To do ▸ Beginning at the line containing "I was telling", repeat each line below exactly up to and including the line containing "Finding oil is". Do not repeat the pictures.

Exercise input ▸
###

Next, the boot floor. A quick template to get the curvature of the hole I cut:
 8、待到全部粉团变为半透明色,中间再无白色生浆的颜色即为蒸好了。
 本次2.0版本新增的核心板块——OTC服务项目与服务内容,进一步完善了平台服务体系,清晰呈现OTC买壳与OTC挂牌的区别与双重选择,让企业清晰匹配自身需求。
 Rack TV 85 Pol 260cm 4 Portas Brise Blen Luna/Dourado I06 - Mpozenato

###

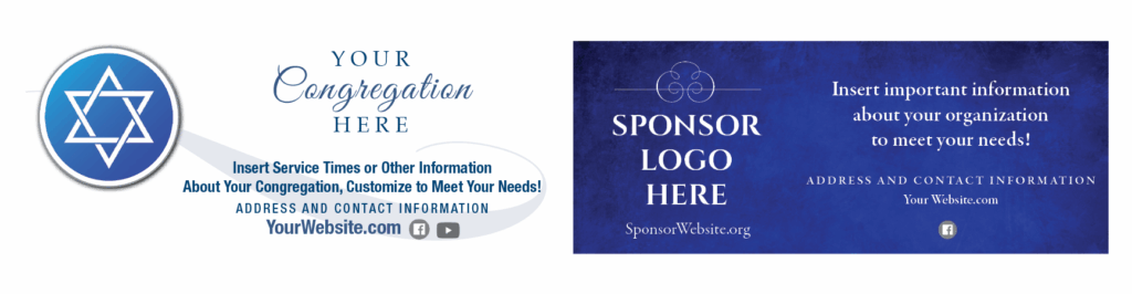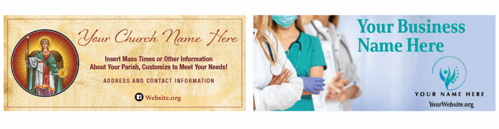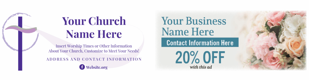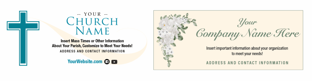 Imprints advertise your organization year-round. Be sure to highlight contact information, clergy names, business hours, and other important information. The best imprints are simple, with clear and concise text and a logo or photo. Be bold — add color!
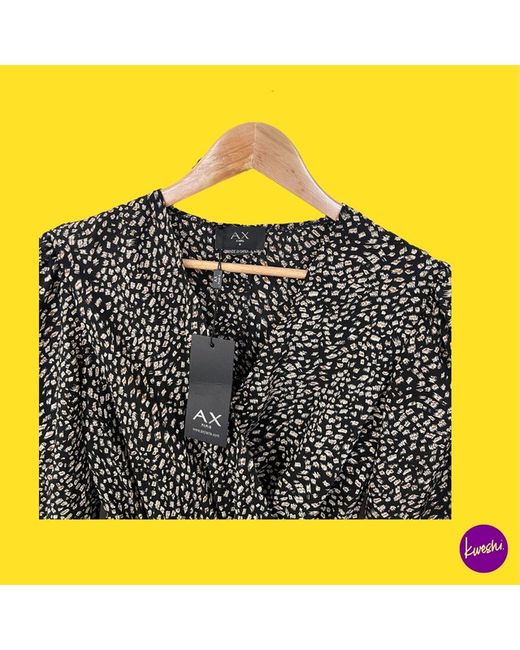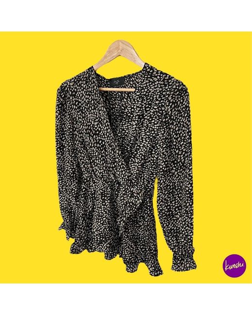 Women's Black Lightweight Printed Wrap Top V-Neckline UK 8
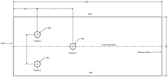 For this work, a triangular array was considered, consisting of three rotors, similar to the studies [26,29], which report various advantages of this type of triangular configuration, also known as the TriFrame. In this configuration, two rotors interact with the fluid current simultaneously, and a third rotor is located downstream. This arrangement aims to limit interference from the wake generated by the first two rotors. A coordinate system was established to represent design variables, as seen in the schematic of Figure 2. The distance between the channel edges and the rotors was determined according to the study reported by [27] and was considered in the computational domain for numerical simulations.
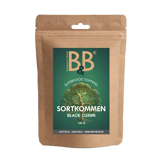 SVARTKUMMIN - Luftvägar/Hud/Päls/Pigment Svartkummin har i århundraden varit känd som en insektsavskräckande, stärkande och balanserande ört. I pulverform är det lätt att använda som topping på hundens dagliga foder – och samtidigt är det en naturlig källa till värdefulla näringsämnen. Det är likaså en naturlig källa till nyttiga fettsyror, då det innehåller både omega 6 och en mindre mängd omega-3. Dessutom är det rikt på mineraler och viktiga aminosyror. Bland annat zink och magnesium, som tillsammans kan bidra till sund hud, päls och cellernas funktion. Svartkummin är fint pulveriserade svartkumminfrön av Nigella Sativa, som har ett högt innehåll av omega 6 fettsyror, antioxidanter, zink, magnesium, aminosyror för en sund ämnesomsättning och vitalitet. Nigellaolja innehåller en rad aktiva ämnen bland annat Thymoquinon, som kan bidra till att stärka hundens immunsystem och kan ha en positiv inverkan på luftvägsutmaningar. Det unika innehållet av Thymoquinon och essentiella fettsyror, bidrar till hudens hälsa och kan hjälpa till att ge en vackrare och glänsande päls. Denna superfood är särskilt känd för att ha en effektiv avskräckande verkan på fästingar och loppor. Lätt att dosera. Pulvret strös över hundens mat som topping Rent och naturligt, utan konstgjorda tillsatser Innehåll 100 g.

###

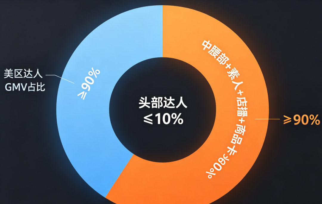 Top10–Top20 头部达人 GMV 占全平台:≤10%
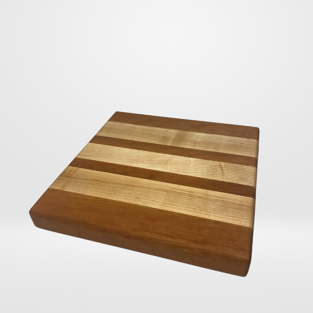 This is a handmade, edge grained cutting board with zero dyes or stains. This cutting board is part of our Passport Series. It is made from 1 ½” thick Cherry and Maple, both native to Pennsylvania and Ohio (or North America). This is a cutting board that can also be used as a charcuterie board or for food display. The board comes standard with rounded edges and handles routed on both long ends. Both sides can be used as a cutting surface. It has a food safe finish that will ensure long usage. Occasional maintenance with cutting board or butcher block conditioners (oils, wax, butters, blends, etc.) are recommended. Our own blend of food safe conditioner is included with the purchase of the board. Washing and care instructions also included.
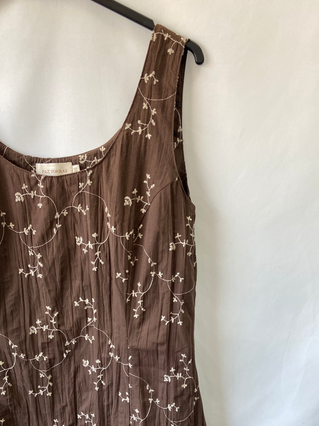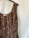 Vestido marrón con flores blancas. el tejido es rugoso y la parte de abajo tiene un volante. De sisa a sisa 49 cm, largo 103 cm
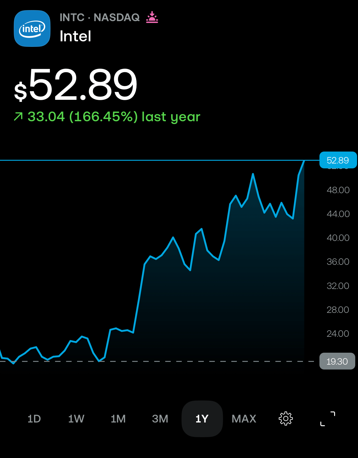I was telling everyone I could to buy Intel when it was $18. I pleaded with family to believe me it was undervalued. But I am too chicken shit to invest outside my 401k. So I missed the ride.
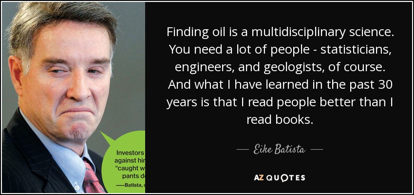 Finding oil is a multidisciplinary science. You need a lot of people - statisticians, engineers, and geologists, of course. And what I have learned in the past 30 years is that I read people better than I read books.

###

Expected output ▸
I was telling everyone I could to buy Intel when it was $18. I pleaded with family to believe me it was undervalued. But I am too chicken shit to invest outside my 401k. So I missed the ride.
 Finding oil is a multidisciplinary science. You need a lot of people - statisticians, engineers, and geologists, of course. And what I have learned in the past 30 years is that I read people better than I read books.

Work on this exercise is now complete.